Court temporarily blocks Penney from selling Martha Stewart goods
NEW YORK (Reuters) - A New York appeals judge on Tuesday stopped J.C. Penney from selling certain Martha Stewart goods in its stores until Thursday, when he is expected to decide whether to extend the block while an appeal from Macy's Inc is pending.
The decision, in effect a short-term reprieve for Macy's, was delivered in a closed hearing but lawyers for both sides confirmed it to Reuters as they left the courtroom.

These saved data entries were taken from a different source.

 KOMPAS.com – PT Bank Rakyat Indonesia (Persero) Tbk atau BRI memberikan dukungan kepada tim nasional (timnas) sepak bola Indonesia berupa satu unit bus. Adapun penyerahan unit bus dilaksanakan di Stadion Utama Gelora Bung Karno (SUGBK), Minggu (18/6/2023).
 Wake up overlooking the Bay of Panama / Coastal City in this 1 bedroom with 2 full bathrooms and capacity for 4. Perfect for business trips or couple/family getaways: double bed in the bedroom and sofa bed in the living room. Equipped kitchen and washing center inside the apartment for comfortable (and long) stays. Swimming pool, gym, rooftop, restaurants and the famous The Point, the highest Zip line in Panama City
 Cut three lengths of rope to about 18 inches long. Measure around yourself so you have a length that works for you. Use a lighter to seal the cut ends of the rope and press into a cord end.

A trial judge had ruled on Friday that J.C. Penney could sell the items for now, as long as they did not bear Stewart's name.

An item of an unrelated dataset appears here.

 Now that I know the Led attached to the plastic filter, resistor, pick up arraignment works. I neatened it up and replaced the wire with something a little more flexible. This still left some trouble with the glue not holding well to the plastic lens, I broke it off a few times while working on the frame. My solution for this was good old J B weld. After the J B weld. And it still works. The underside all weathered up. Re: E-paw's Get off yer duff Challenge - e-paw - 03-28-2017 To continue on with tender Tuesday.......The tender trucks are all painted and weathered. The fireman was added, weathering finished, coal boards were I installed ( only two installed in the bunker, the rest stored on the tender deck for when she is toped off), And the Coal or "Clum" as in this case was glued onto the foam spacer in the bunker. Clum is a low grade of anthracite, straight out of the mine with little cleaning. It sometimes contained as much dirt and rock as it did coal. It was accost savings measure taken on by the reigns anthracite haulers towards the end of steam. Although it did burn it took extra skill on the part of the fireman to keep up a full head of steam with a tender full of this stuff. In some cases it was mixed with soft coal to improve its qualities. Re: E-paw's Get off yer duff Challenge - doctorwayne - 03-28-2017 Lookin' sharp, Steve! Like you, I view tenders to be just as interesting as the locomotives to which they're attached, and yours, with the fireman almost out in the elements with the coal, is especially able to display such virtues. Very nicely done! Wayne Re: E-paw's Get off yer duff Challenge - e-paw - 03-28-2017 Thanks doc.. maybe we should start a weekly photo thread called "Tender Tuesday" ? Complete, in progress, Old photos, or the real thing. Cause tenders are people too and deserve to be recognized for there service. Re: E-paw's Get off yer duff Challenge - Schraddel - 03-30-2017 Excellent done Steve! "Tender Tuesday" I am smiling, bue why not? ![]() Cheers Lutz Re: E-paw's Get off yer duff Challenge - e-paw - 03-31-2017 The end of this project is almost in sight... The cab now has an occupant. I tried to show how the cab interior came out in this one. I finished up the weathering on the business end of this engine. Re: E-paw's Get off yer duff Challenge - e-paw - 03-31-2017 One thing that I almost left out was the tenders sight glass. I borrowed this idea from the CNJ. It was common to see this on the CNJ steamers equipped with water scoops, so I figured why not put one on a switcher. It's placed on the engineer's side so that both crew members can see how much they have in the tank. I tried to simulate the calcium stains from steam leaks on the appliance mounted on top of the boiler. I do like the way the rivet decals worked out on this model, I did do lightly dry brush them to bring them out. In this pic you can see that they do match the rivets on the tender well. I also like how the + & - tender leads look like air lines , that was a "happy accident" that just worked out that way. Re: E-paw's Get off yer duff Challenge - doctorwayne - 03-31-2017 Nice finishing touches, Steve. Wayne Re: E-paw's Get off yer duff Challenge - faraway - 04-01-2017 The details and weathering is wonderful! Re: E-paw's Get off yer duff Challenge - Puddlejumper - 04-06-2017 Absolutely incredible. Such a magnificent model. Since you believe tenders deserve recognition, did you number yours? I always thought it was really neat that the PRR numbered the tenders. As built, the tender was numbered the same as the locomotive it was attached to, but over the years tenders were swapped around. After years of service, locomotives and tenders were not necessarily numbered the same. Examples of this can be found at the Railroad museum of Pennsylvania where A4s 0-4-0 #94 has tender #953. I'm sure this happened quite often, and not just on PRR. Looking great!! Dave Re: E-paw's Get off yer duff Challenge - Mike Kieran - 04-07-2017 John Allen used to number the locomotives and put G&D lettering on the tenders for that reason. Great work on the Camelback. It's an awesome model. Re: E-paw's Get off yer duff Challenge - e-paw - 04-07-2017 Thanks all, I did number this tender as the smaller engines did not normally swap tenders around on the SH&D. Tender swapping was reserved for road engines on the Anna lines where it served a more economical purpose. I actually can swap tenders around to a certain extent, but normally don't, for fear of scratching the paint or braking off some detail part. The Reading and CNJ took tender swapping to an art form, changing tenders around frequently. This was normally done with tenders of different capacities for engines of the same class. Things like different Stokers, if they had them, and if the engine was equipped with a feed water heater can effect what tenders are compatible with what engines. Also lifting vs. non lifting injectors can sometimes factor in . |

The products were manufactured under the "JCP Everyday" label after J.C. Penney was barred from selling them under a Martha Stewart brand last summer.
Justice Richard Andrias in Manhattan put the goods on hold on Tuesday pending his ruling on a temporary restraining order.

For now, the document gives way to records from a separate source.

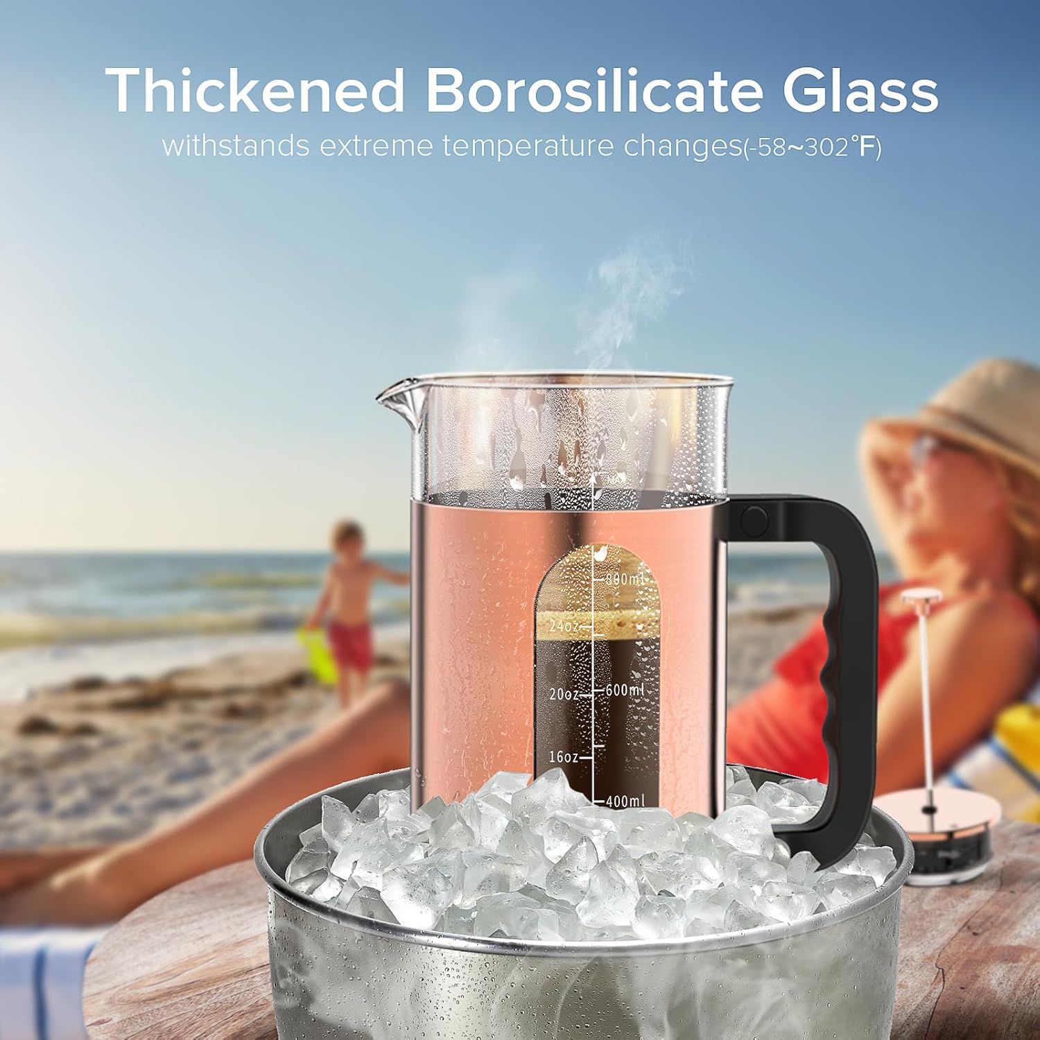 - 【MULTIPLE USES】Besides using the french press as a coffee maker, it is also handy appliance to make tea, mct oil coffee, hot chocolate, cold brew, frothed milk, almond milk, cashew milk, fruit infusions, and plant and herbal drinks. Suitable for house warmings, weddings, birthdays, holidays and all coffee/tea lovers & healthy foodies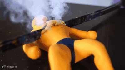 Stretch Armstrong 最终还是被人类的暴力溶解,倒在了液压机下。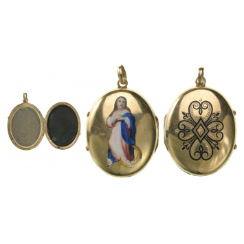Photo holder opening in medallion, oval structure in gold (18 k), hinged opening, subject of a polychrome painted miniature on shell (?) inspired by a Virgin of the Assumption by Murillo surmounting angels, back engraved with a motif of four hearts in arabesque, fixing ring. Spanish work from the late 19th century. Shards at the bottom of the miniature (explicit shot). Dimensions 37 x 28mm. Weight 8.96 g.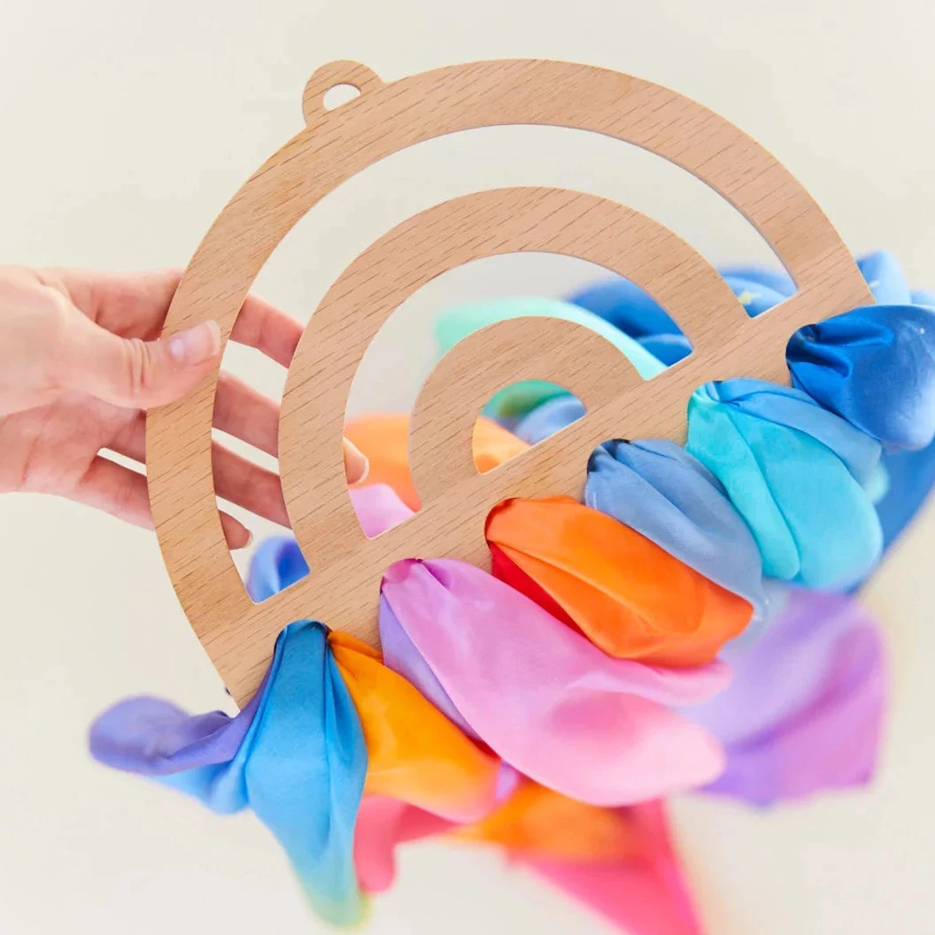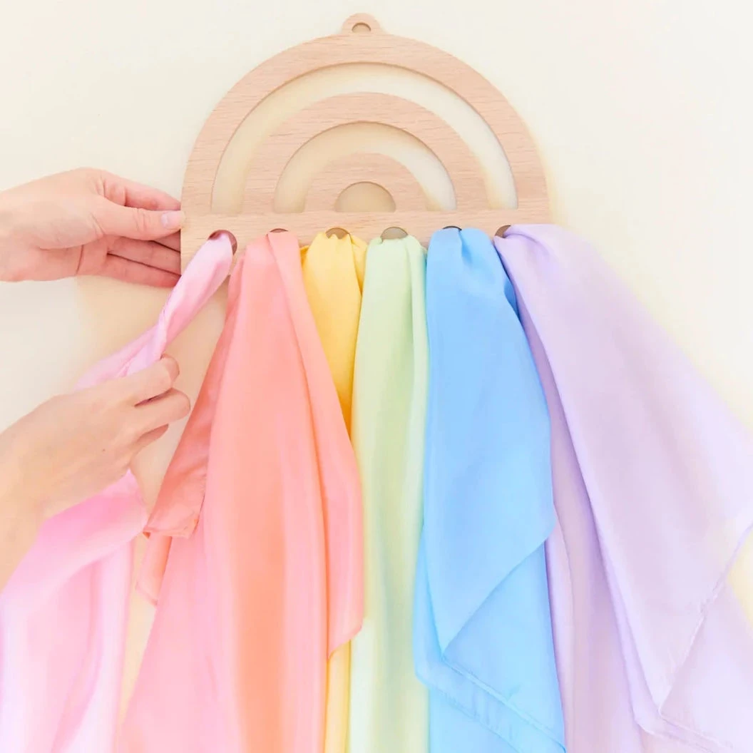 A beautiful display option for homes and classrooms. Simply hang on a wall and slip your Playsilks through! Easy and fun for children learning to care for their toys, and encourages young ones to keep playrooms tidy.

Before the hearing, Theodore Grossman, a lawyer for Macy's, said he had sought an immediate order after learning the goods would go on sale in April - not May as J.C. Penney had said earlier, he said.
Mark Epstein, a lawyer for Penney, disputed that, saying a witness testified last month that the goods would be available in April.
Macy's claims it has the exclusive right to sell Martha Stewart goods in certain categories such as bedding, bath and tableware under a 2006 agreement that lasts through 2018.
The retailer sued both rival Penney and Stewart's company, Martha Stewart Living Omnimedia, after they announced a deal to launch Martha Stewart stores within Penney stores. The trial resumes Wednesday.
A Macy's spokesman and a J.C. Penney spokeswoman declined comment on Tuesday.